At the same time, once the Red algae start decomposing, Amano Shrimp, Siamese Algae eater, and Mollie will readily eat it.
Like all other species of algae, Red algae spread out when they find a favorable environment. Therefore, based on what we know about this specific kind of algae, measures can be taken to reduce the risk of its occurrence in the tank.
- Feed control. Do not overfeed your fish.
- Cleaning. Regularly remove excess fish food and fish waste. Clean the substrate monthly. Do regular water changes.
- Use fast-growing plants. They will help you to reduce nitrates and phosphate from the water.
- Quarantine new livestock and disinfect new plants.
- Control your water parameters.
Under certain conditions, Red algae can spread rapidly, causing significant damage to aquatic plants.
The presence of these algae in your aquarium is a sign of an imbalance and an excessive amount of organic matter in the water.

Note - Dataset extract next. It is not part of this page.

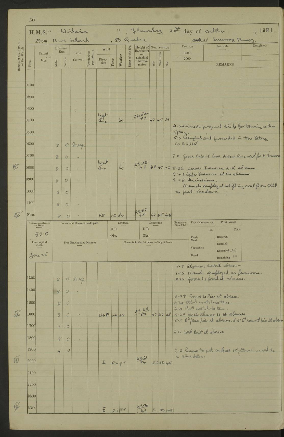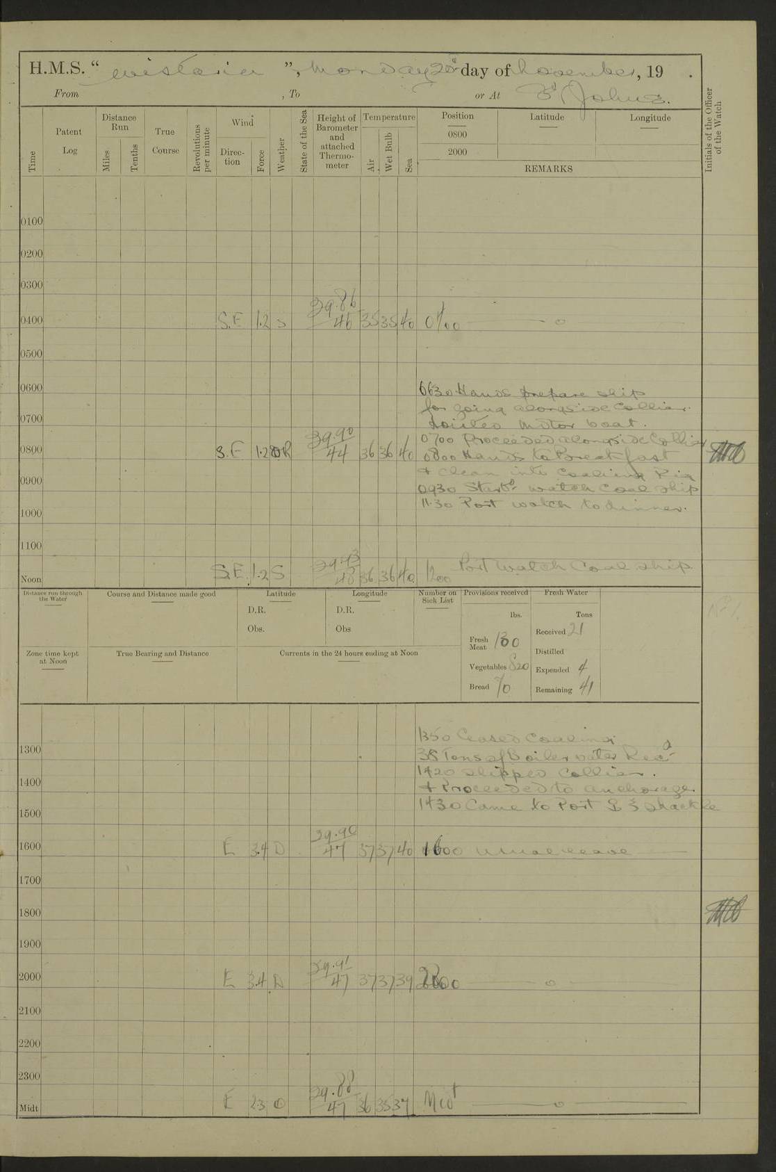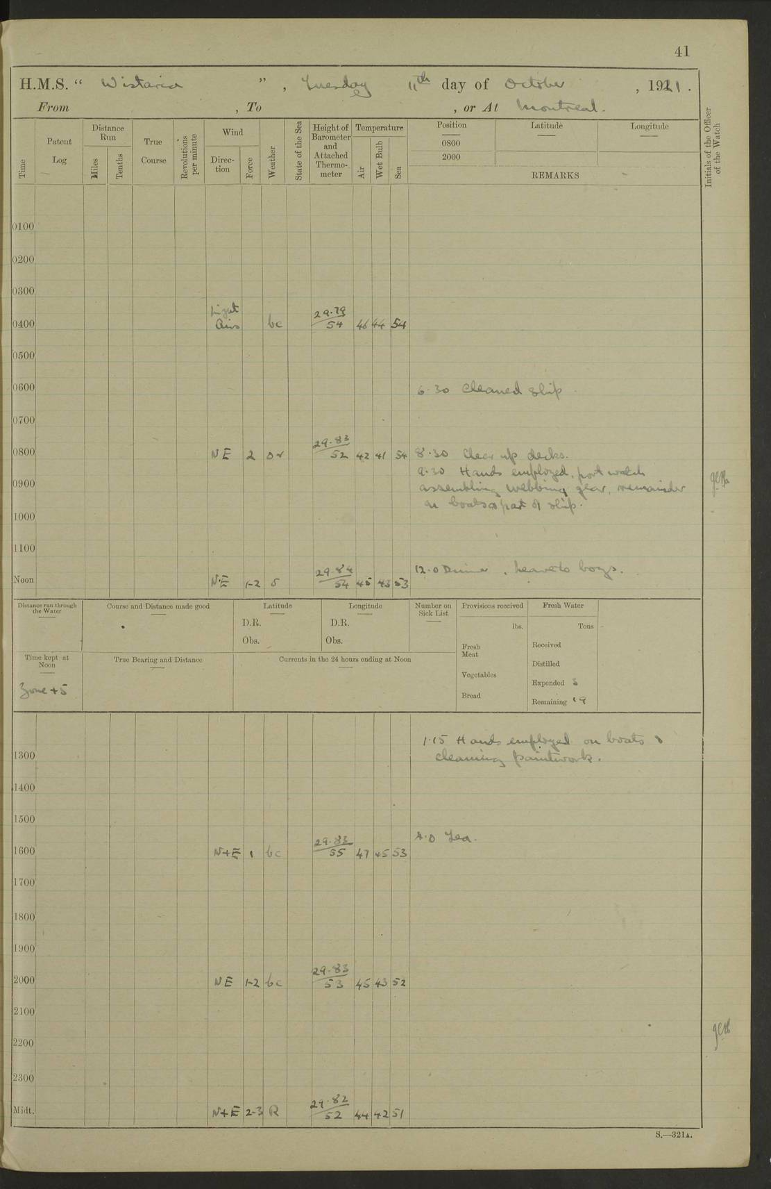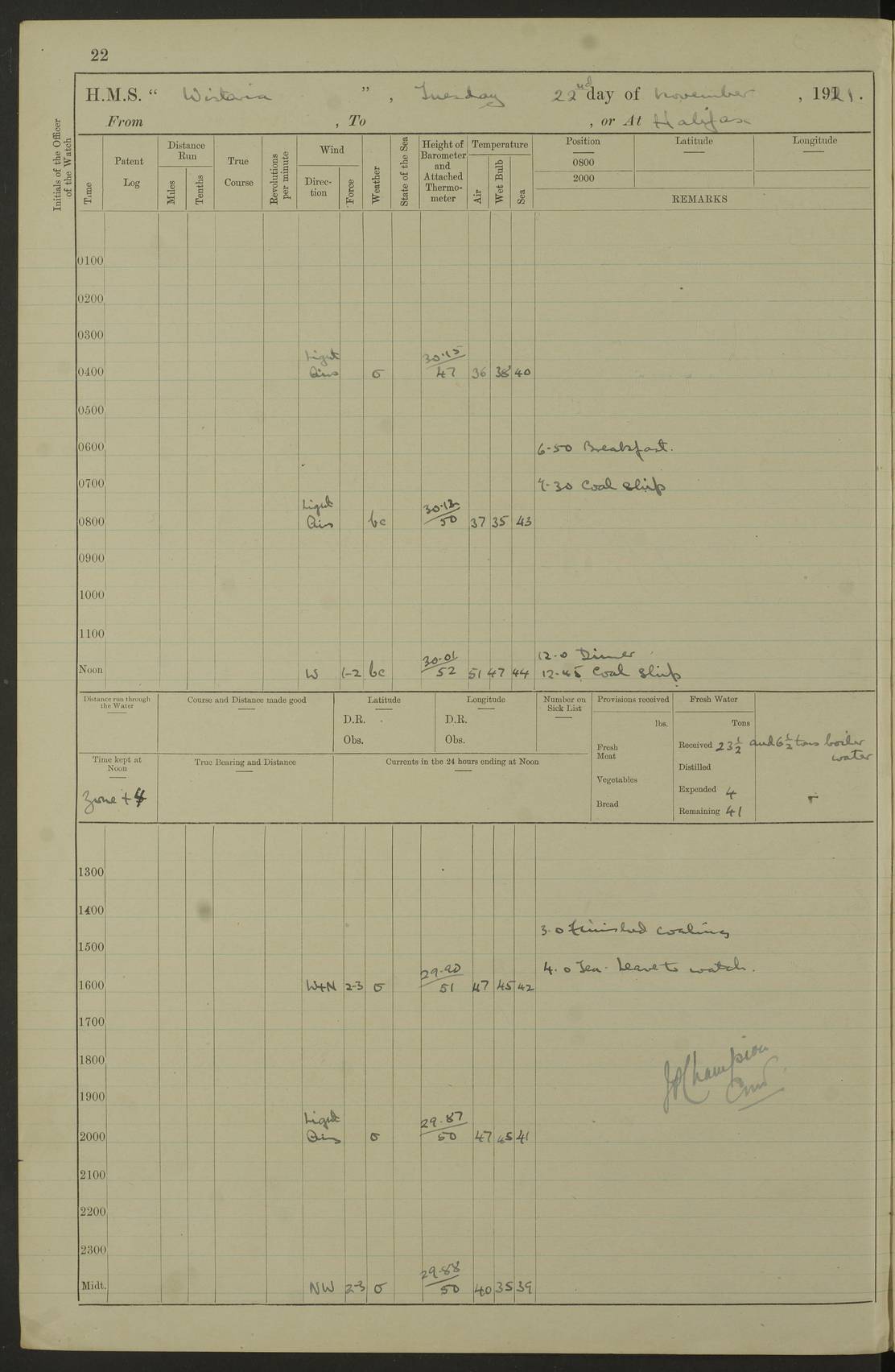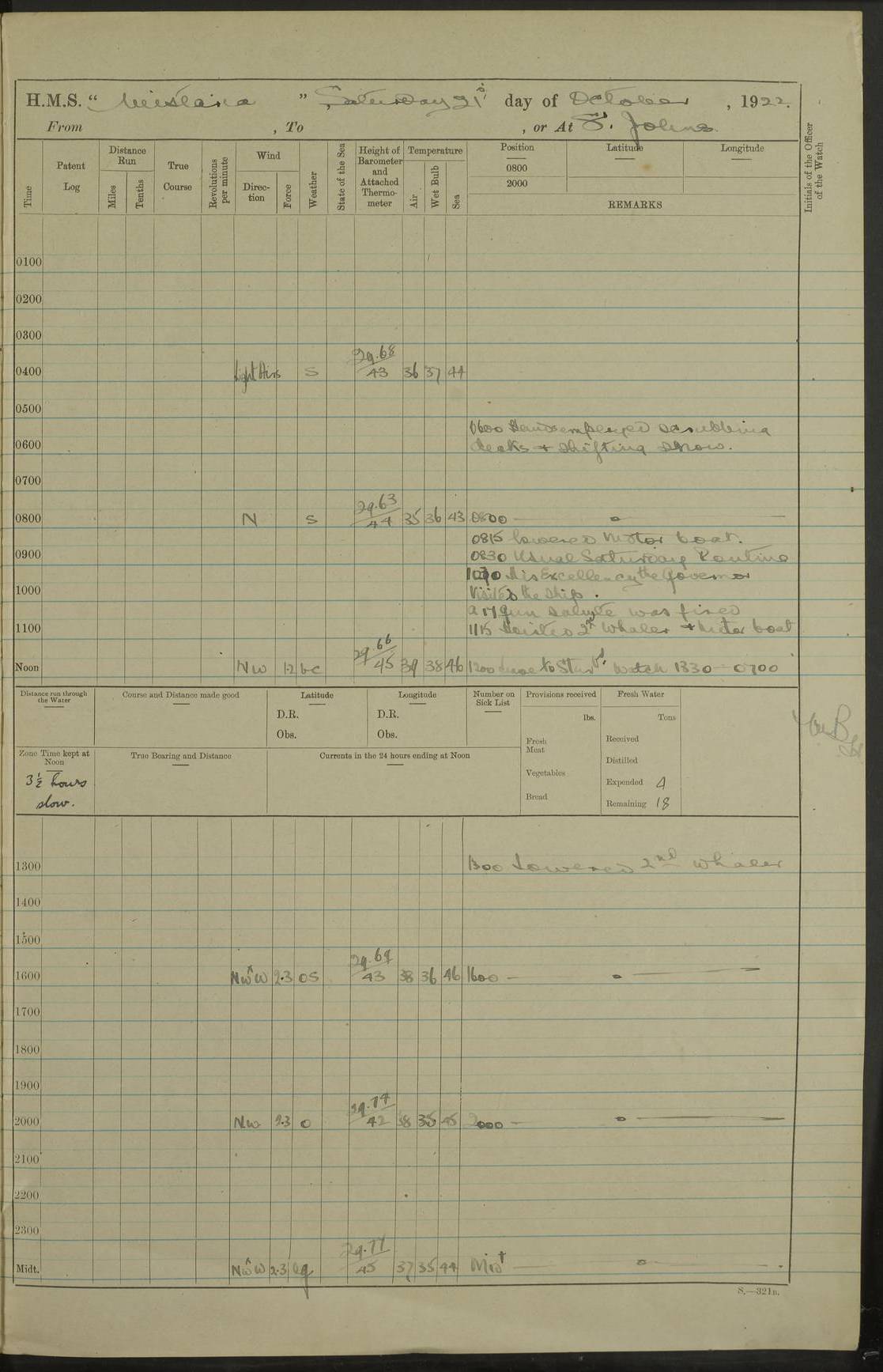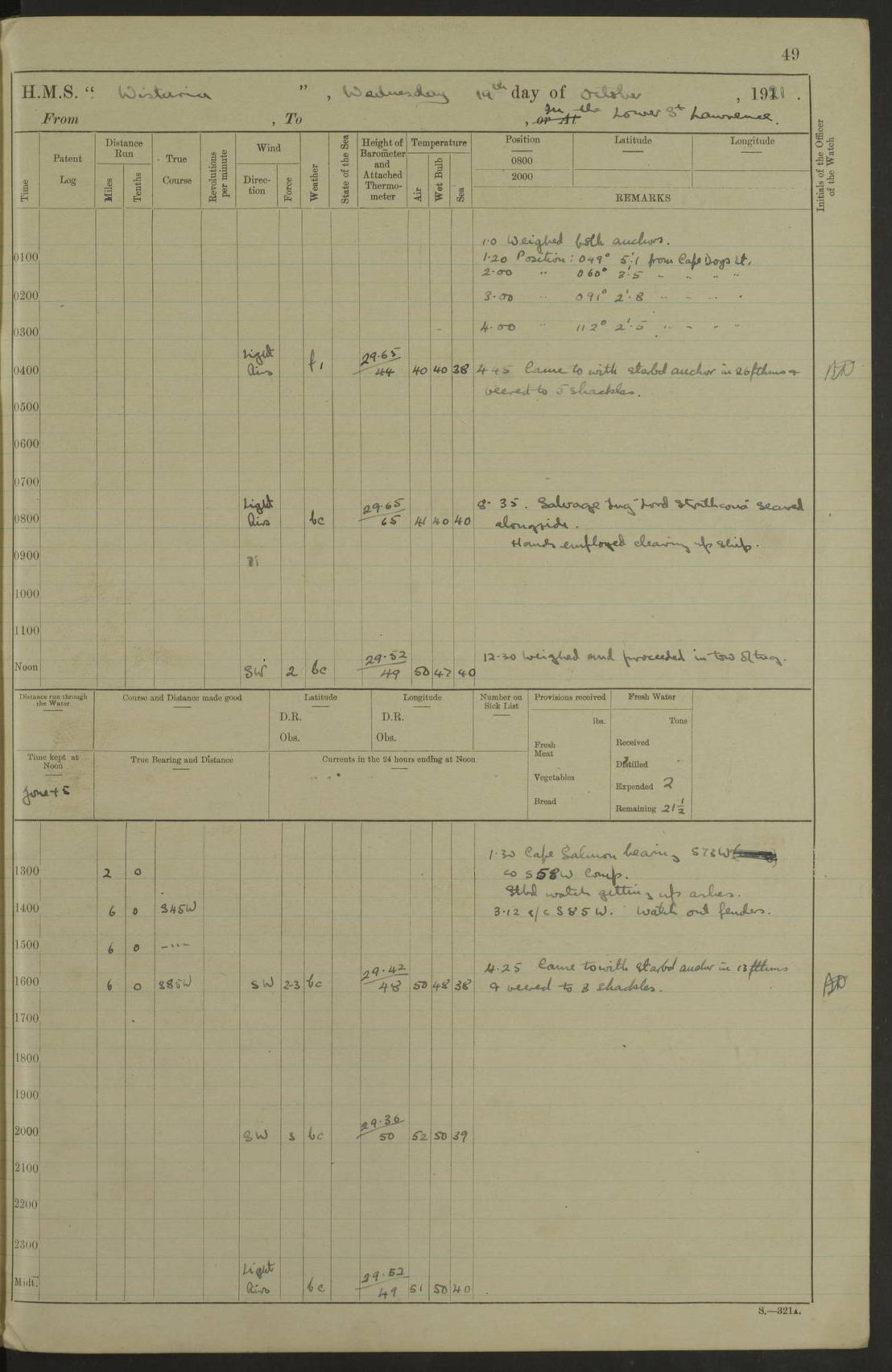 LOGS FOR NOVEMBER 1921 4f73ca6ea2fc8ea903000ad1: (https://s3.amazonaws.com:443/oldweather/ADM53-93264/0003_1.jpg) 4f73ca69a2fc8ea903000ac6: (https://s3.amazonaws.com:443/oldweather/ADM53-93263/0034_0.jpg) 1 November 1921 At Lévis Lat 46.8, Long -71.19 10.0am: Hands employed blacking down rigging refitting guard rails & scraping 1st whaler 1.10pm: Hands mustered for monthly payment 1.30pm: Hands employed as forenoon 5.0pm: [Exercised] fire stations 4f73ca6ea2fc8ea903000ad2: (https://s3.amazonaws.com:443/oldweather/ADM53-93264/0004_0.jpg) 4f73ca6aa2fc8ea903000ac7: (https://s3.amazonaws.com:443/oldweather/ADM53-93263/0034_1.jpg) 2 November 1921 At Lévis Lat 46.8, Long -71.19 8.0am: Hands employed blacking down rigging, refitting guard rails, chipping ship's side and scraping first whales 1.15pm: Hands employed as forenoon 4f73ca6ea2fc8ea903000ad3: (https://s3.amazonaws.com:443/oldweather/ADM53-93264/0004_1.jpg) 3 November 1921 At Lévis Lat 46.8, Long -71.19 8.0am: Hands employed refitting guard rails, chipping ship’s side & scraping whaler 1.15pm: Hands employed as forenoon 4f73ca6fa2fc8ea903000ad4: (https://s3.amazonaws.com:443/oldweather/ADM53-93264/0005_0.jpg) 4 November 1921 At Lévis Lat 46.8, Long -71.19 8.0am: Hands employed parts of ship 1.15pm: Hands employed variously parts of ship 5.0pm: Exercised fire quarters 4f73ca6fa2fc8ea903000ad5: (https://s3.amazonaws.com:443/oldweather/ADM53-93264/0005_1.jpg) 5 November 1921 At Lévis Lat 46.8, Long -71.19 8.0am: Hands employed scraping ship’s side and boats and working about storerooms 4f73ca70a2fc8ea903000ad6: (https://s3.amazonaws.com:443/oldweather/ADM53-93264/0006_0.jpg) 6 November 1921 At Lévis Lat 46.8, Long -71.19 8.0am: Scrubbed decks 5.0pm: Exercised fire quarters 4f73ca70a2fc8ea903000ad7: (https://s3.amazonaws.com:443/oldweather/ADM53-93264/0006_1.jpg) 7 November 1921 At Lévis Lat 46.8, Long -71.19 8.40am: Seaman landing party landed 12.25am: Landing party returned 1.45pm: Hands employed scraping boats & cleaning ship 4f73ca70a2fc8ea903000ad8: (https://s3.amazonaws.com:443/oldweather/ADM53-93264/0007_0.jpg) 8 November 1921 At Lévis Lat 46.8, Long -71.19 8.0am: Hands employed cleaning store rooms, refitting guard rails & scraping boats 1.15pm: Hands employed cleaning store rooms, refitting guard rails & scraping boats 4f73ca71a2fc8ea903000ad9: (https://s3.amazonaws.com:443/oldweather/ADM53-93264/0007_1.jpg) 9 November 1921 At Lévis Lat 46.8, Long -71.19 8.0am: Hands employed scraping & redleading ship’s side, cleaning storerooms & scraping boats 1.15pm: Hands employed painting part of ship’s side, painting 1st whaler, scraping 2nd whaler, refitting guard rails and cleaning after store room 5.0pm: Exercised fire quarters 4f73ca71a2fc8ea903000ada: (https://s3.amazonaws.com:443/oldweather/ADM53-93264/0008_0.jpg) 10 November 1921 At Lévis Lat 46.8, Long -71.19 8.0am: Hands employed refitting guard rails, scraping 2nd whaler and clearing away snow 1.15pm: Hands employed as forenoon 4f73ca71a2fc8ea903000adb: (https://s3.amazonaws.com:443/oldweather/ADM53-93264/0008_1.jpg) 11 November 1921 At Lévis Lat 46.8, Long -71.19 8.0am: Hands employed scraping whaler, refitting fenders & parts of ship 11.0am: Two minutes silence in commemoration of Armistice 1.15pm: Hands employed scraping whaler, refitting fenders, scraping and redleading chutes and clearing snow 4f73ca72a2fc8ea903000adc: (https://s3.amazonaws.com:443/oldweather/ADM53-93264/0009_0.jpg) 12 November 1921 At Lévis Lat 46.8, Long -71.19 8.0am: Hands employed parts of ship and scraping boats & refitting fenders 4f73ca72a2fc8ea903000add: (https://s3.amazonaws.com:443/oldweather/ADM53-93264/0009_1.jpg) 13 November 1921 At Lévis Lat 46.8, Long -71.19 8.0am: Cleaned ship 10.0am: Divisions and Prayers 4f73ca72a2fc8ea903000ade: (https://s3.amazonaws.com:443/oldweather/ADM53-93264/0010_0.jpg) 14 November 1921 At Lévis Lat 46.8, Long -71.19 8.0am: Hands employed embarking ammunition and working about 2nd whaler 1.15pm: Hands employed embarking ammunition and restowing provisions 4f73ca73a2fc8ea903000adf: (https://s3.amazonaws.com:443/oldweather/ADM53-93264/0010_1.jpg) 15 November 1921 At Lévis Lat 46.8, Long -71.19 8.0am: Hands employed parts of ship 1.15pm: Hands employed cleaning up ship 4f73ca73a2fc8ea903000ae0: (https://s3.amazonaws.com:443/oldweather/ADM53-93264/0011_0.jpg) 16 November 1921 At Lévis Lat 46.8, Long -71.19 8.0am: Hands employed parts of ship noon: Dinner & clean in coaling rig 1.15pm: Hands employed parts of ship 2.55pm: Commenced flooding dock 3.20pm: Ship became water borne. Starboard watch to tea 4.0pm: Port watch to tea 4.10pm: Shifted ship from dock to jetty outside 4.40pm: Coal lighter secured alongside 5.0pm: Hands coal ship 11.30pm: Commenced basin trials 4f73ca74a2fc8ea903000ae1: (https://s3.amazonaws.com:443/oldweather/ADM53-93264/0011_1.jpg) 17 November 1921 From Quebec to Halifax [Lat 46.93, Long -70.73] [Belle Chasse Island coordinates] 8.15am: Left jetty and swung ship for compasses. Proceeded to Quebec to pick up pilot 10.0am: Proceeded with pilot down river, 100 revs 10.15am: Swung for adjustment off Lauzon Dock 10.20am: Proceeded. Course S81E 10.21am: West Pt abeam, increased to 120 revs 10.45am: St Laurent Pier abeam. Altered course N75E 11.10am: St Jean Pier abeam 11.15am: Let go Port anchor veered to 4 shackles One broom lost overboard by accident 12.40pm: Weighed 12.45pm: Proceeded 120 revs 1.15pm: Belle Chasse Lt Ho abeam 2.13pm: Crane Island Pier abeam 2.26pm: Beaujeu Beacon abeam 2.35pm: Rigged sounding boom 3.44pm: Algernon Rock abeam 4.57½pm: Lower Traverse Lt Vessel abeam, course N51E 5.53pm: Anchored in 12½ fms on English Bank, 4 shackles Anchor Bearings: Goose Island Lt N49W, Orignaux Pt S84E, [space left blank] S14½E [“English Bank: proper extends from a position 4 miles NNW of Orignaux Point for about 10 miles SW by W¼W, to Middle ground with a width of about half a mile at its eastern point, gradually increasing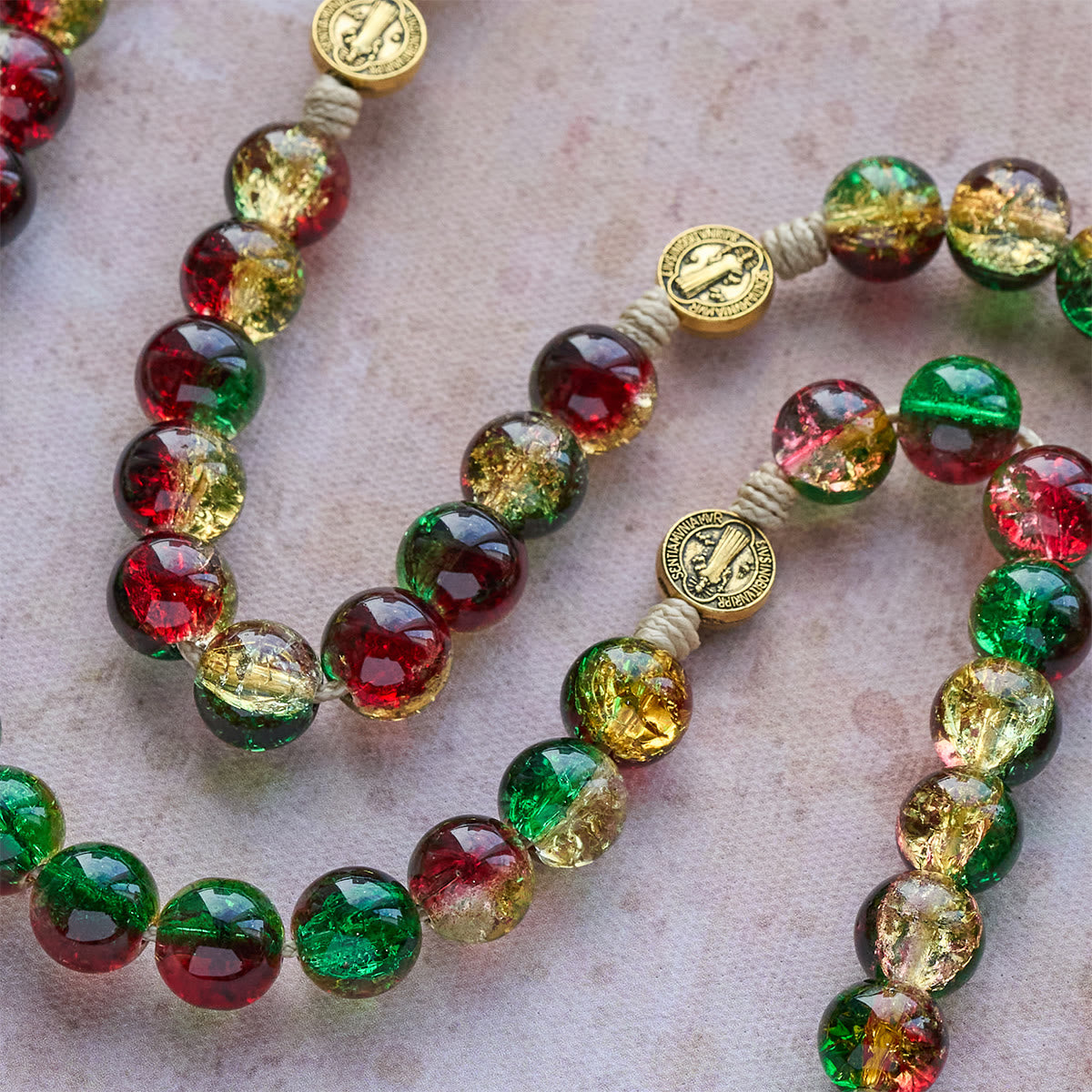 Christianartworkshop Christmas Gift: Christmas Glass Rosary with Cross: Faithful Celebration & Festive Luster

To address this situation, controlling the quantity of food and fertilizers is a good place to start. You should also keep an eye out for any driftwood or rotting plants that might be a contributing factor.
By combining routine water changes, manual cleaning, and the application of algicide products, you should be able to eliminate these algae from your aquarium.
- Necchi Jr, Orlando, and Marcelo R. Zucchi. “Systematics and distribution of freshwater Audouinella (Acrochaetiaceae, Rhodophyta) in Brazil.” European Journal of Phycology30, no. 3 (1995): 209-218.
- Huisman, John Marinus. Marine plants of Australia. University of Western Australia Press in association with Australian Biological Resources Study, 2000.
- World Health Organization (2009). Stuart MC, Kouimtzi M, Hill SR (eds.). WHO Model Formulary 2008. World Health Organization. pp. 323, 325. hdl:10665/44053. ISBN 9789241547659.